Н. Т. Чем дольше ты работаешь во власти, тем больше ты себя с ней ассоциируешь. Ты уже не можешь сказать, что ты всего лишь пресс-секретарь председателя правительства, что у тебя понятный круг обязанностей и ты отвечаешь только за них. Ты отвечаешь за очень многое и обязан это осознавать.
У нас так устроена система власти, что существует первый и единственный политик в стране — Владимир Путин. Непонятно в этом смысле, чем занимается правительство.
Если вам это непонятно — тогда я плохо работаю. Статус правительства определен Конституцией. Есть несколько основных направлений, по которым оно работает. Есть президентские указы, которые правительство обязано исполнить, и существует постоянный контроль президента за этим. Есть «Основные направления деятельности правительства с 2012 по 2018 годы». Есть, наконец, бюджет — главный финансовый документ страны, который целиком и полностью готовится в правительстве. Так что приходите почаще в Белый дом — узнаете, как много работы там делается. Я, кстати, никогда не понимала словосочетание «техническое правительство». Правительство не может быть техническим, оно ежедневно принимает множество решений, напрямую влияющих на жизнь страны.
То есть нет ощущения, что при нынешней иерархии в вашей работе есть что-то бессмысленное?
Н. Т. Нынешняя иерархия, мне кажется, полностью соответствует политической реальности. Есть сильный президент, который определяет политический курс развития страны. Есть правительство с огромным объемом полномочий в экономической сфере. Есть Государственная дума и Совет Федерации. Очень понятная политическая система. Поверьте, работы мне хватает.
А в чем разница в вашей работе пресс-секретарем президента Медведева при премьере Путине и наоборот?
Н. Т. Конечно, быть пресс-секретарем президента — это самая сложная история, в определенном смысле вершина карьеры для пресс-секретаря. Особенно в нашей стране, где по Конституции очень сильна президентская власть. Но одновременно это означает, что ты на работе 24 часа в сутки. И ты никогда не принадлежишь себе. В любой момент ты должен быть готов к тому, что может что-то произойти и ты понадобишься. Ты можешь, как это было, например, во время грузино-осетинского конфликта, до четырех утра находиться в офисе. Потом приехать домой на пару часов, переодеться, почистить зубы и вернуться обратно. Это большие физические нагрузки: думаю, что часов, проведенных в самолете, у меня столько же, сколько у самых востребованных летчиков мира. Но и у пресс-секретаря премьера нагрузки не меньше. Кроме того, в аппарате правительства я еще курирую департамент культуры — новая для меня сфера деятельности.
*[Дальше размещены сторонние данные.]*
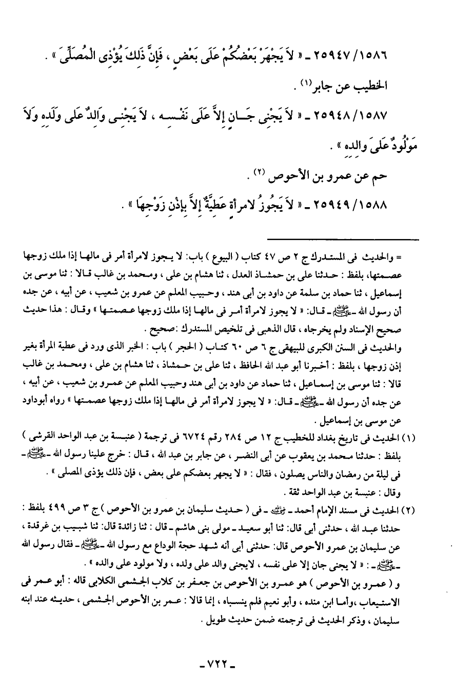 1588/ 25949 - "لَا يَجُوزُ لامرأةٍ عَطِيَّةٌ إِلَّا بِإذْنِ زَوْجِهَا".

Вы всегда тщательно создавали образ либерального пресс-секретаря у либерального президента.
Н. Т. Это не образ. Я была вполне либеральным пресс-секретарем. Кстати, быть либеральным пресс-секретарем — это значит понимать, что журналисты и СМИ имеют право на любую позицию, в том числе и ту, которая не нравится тебе или твоему начальству. Президент Медведев этот подход всегда разделял.
Но у палки два конца. Чем больше ты нравишься либеральным журналистам, тем меньше должен нравиться корпорации, в которой работаешь. Или это иначе устроено?
Н. Т. Журналисты оценивают, прежде всего, твою эффективность. Они могут быть разными, представлять государственные или независимые СМИ. Но ты должен забывать про свои предпочтения и работать со всеми. Тебе может нравиться или не нравиться позиция какого-нибудь издания, но, если у него миллионный тираж, большая аудитория, глупо с ним не работать. Ты не можешь из-за своих предпочтений лишать журналистов информации.
Вам не кажется, что профессия пресс-секретаря в России несколько переоценена?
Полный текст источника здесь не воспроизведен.